If one of the goals of a company’s competitive intelligence function is to inject intelligence into the strategic plans of the organization, it is important to position competitive intelligence as a critical component of the company’s balanced scorecard initiative. Because the initial stage of the BSC model requires that the organization identify specific strategies, measures of success, goals and targets, and activities required to reach those targets, positioning CI as an important component of organizational success is important.

For example, assume that an organization has identified four strategic goals: improving revenue mix, creating a “cutting edge” image for its customers, becoming the leader in industry research and development, and improving operational capabilities. In this organization, competitive intelligence can help evaluate competitor channel and promotion strategies, helping the organization optimize its revenue mix. CI can also help monitor and evaluate customer perceptions of the company compared to its competition, as well as identify competitor product pipelines so that the firm keeps on top of competitive research developments. Finally, CI can also help the organization evaluate the production efficiencies of its competitors to help the company establish operational baselines.
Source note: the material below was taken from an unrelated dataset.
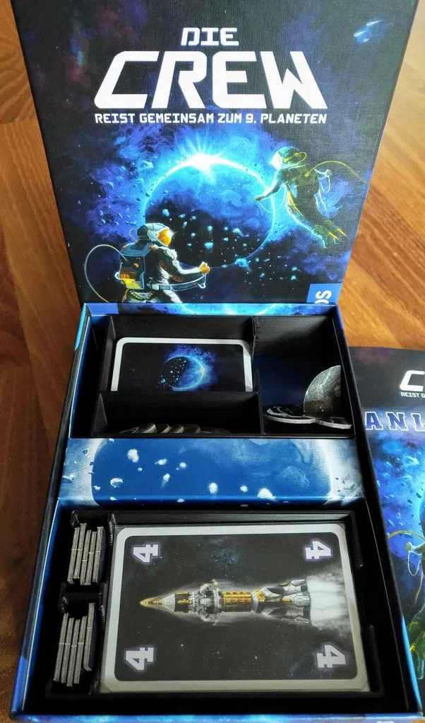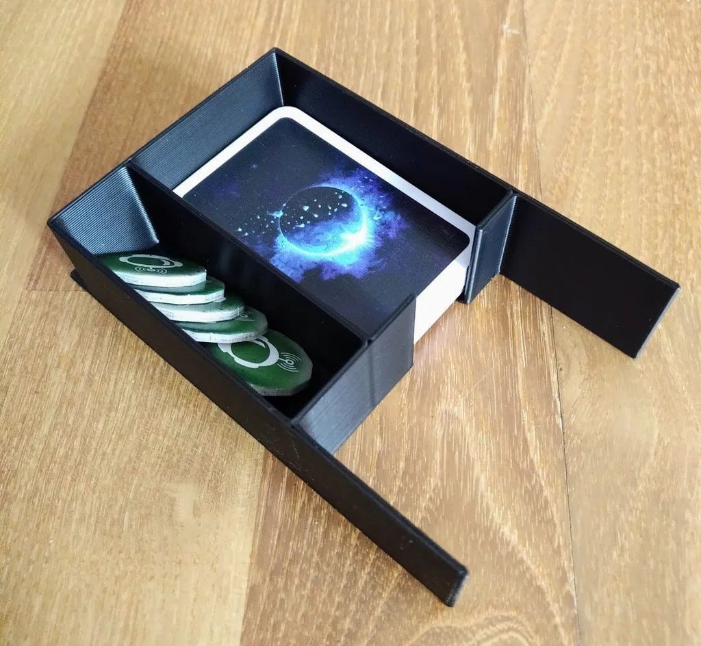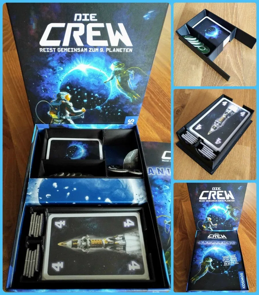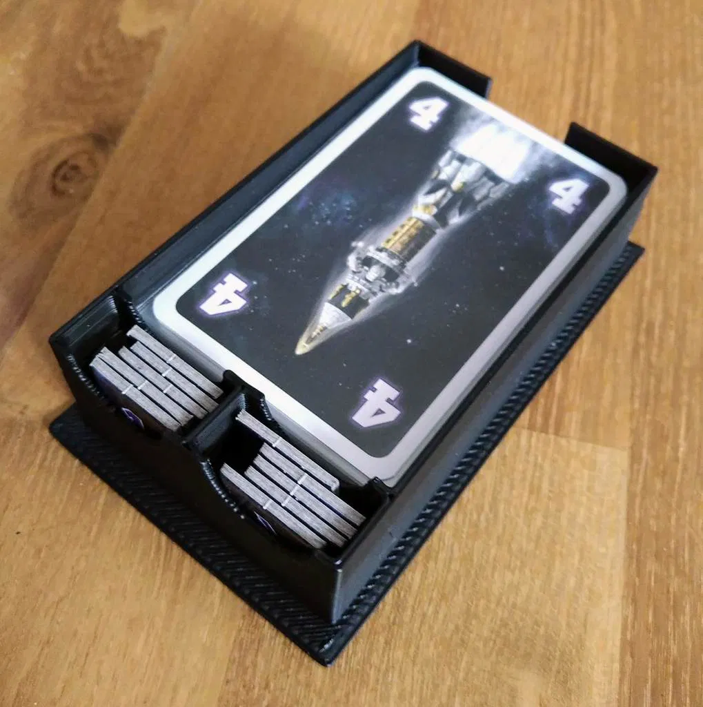 Inlay/organizer nhỏ cho board game The Crew / Die Crew, thiết kế để vẫn dùng được khay carton gốc và tương thích với bài đã bọc sleeve. In mỗi hộp 1 cái, nozzle 0.8mm, layer 0.6mm, tầm 1,5 giờ.

Competitive intelligence frequently supports the development of strategy in an organization, but if management fails to realize that CI can help the organization achieve its strategic objectives, then the organization is only realizing half the potential value of competitive intelligence. By integrating CI findings and outputs into the application of the BSC methodology can forge a stronger link between CI and the strategic success of the company. The Balanced Scorecard methodology thus provides a framework to measure the contribution and value of competitive intelligence in not just helping set strategy, but also from the company’s ability to meet specific strategic goals and objectives.